Sara was driving home from work when she noticed a Policeman following her.

"Pull over!" the cop announced.

Sara pulled over and rolled down the window as the officer approached her.

"You were exceeding the speed limit, Ma'am," the police officer said. "You are also not wearing your seat belt. I'm going to have to write you a ticket." He then wrote her $25.00 ticket.

Back home, Sara was wondering how she was going to explain this to her husband who would no doubt notice the fee in their checkbook. Suddenly she had a bright idea.

Opening the checkbook register, she made the following entry: One Pullover, $25.00.

Sunday, December 8, 2013

Cancer Research

Peter was walking down 35th Street in New York city when he was approached by a woman with a clipboard.

"Good morning, sir," she said.
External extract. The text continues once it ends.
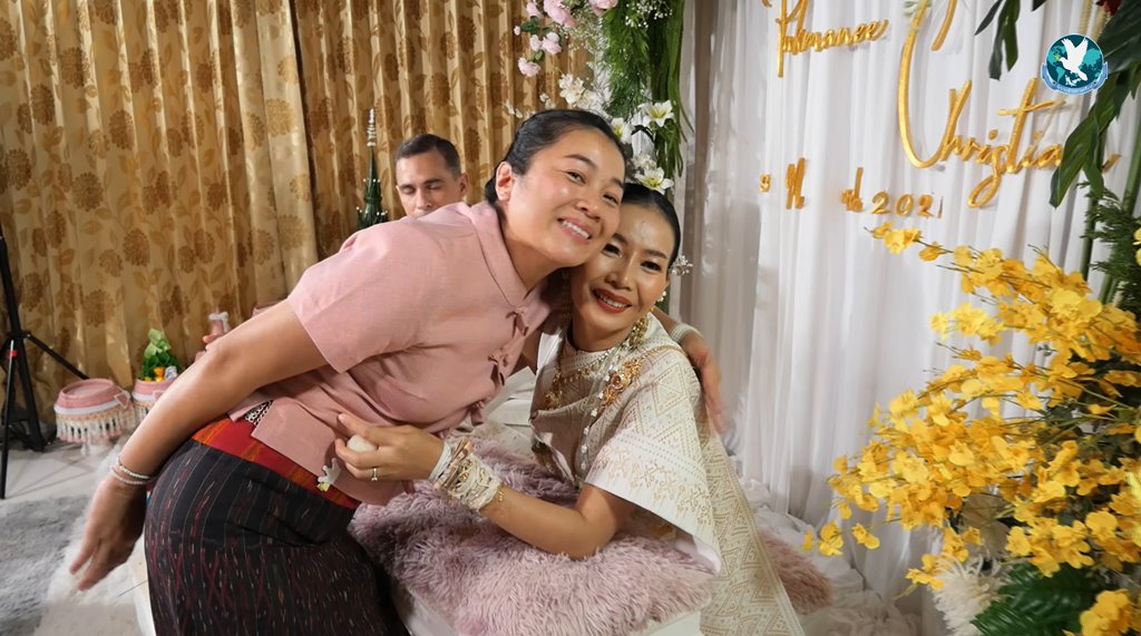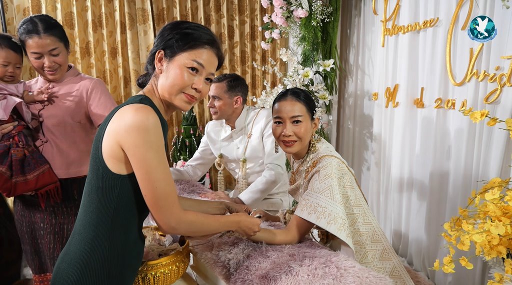 หลังจากนั้นก็เป็นพิธีสู่ขวัญเจ้าบ่าวเจ้าสาว ที่ญาติพี่น้องฝ่ายเจ้าสาวต่างมาผูกแขนรับเจ้าบ่าวจำนวนมาก โดยเฉพาะคุณแม่เจ้าสาวที่ใส่เงินผูกขวัญรับลูกเขยชาวต่างชาติเป็นเงินถึง 1 หมื่นบาท ส่วนน้องสาวของเจ้าสาวนั้นก็ผูกแขนรับขวัญพี่สาวของตัวเองเป็นสร้อยข้อมือทองคำ 1 เส้นเช่นกัน

Can you spare a few minutes for cancer research?"

"Just a few minutes?" Peter asked.

"Just a few minutes," the woman replied.

"Okay," Peter said, "But we're not going to get much done."

Saturday, December 7, 2013

How old?

An employer was taking interview of a prospective candidate.

Employer: “Have you ever worked anywhere else?”

Candidate: “Yes, sir.”

Employer: “For how long?”

Candidate: “Twenty years.”

Employer: “And how old are you?”

Candidate: “Twenty five years, sir.”

Employer: “How is it possible that you are all of twenty five and you have worked for twenty years?”

Candidate: “I was taking overtime into consideration, sir.”

Friday, December 6, 2013

Hilarious jokes-Fix the mailbox

Rosy said to her husband, "Tim, could you please fix the mailbox for me?"

Tim asked, "What happened to the mailbox?"

Rosy replied, "The post is beginning to rot. It needs a new post, but save the box."

Tim said, "All right, let me see what I can do."

When Tim walked to the end of the driveway, he realized that the post to the mailbox was indeed in bad shape. To free the box from the post, he pulled out all the nails except for one that had rust on it and just wouldn't come out. He wrapped his arms around the box in a bear hug and began trying to yank it off.

Just then a passerby, who noticed the entire episode, commented, "I tried that but it doesn't work. The bills just keep on coming!"

Thursday, December 5, 2013

Really funny jokes-Children of Movie stars

The children of two movie actresses were talking.

Tina: “Somebody told me you have a new father, how is he?”

Rita: “Really nice. Come to my place, you can meet him. I am sure you will like him.”

Tina: “I have already met him. Last year, he was my father too.”

Wednesday, December 4, 2013

Really funny jokes-Women and gossip

Rita noticed that her friend, Julie, who was standing at a distance, was having a conversation with another friend. Judging by their gestures, Rita suspected that the conversation involved a secret.

When the other woman left, Rita walked up to Julie ans asked "What did she tell you?"

"Now you know I never repeat gossip," said Julie.

"All right," Rita sighed.

Immediately, Julie whispered, "So listen carefully the first time!"

Short funny jokes-Phone number

Guess what happened when I requested an economist to give me his phone number - i got an estimate.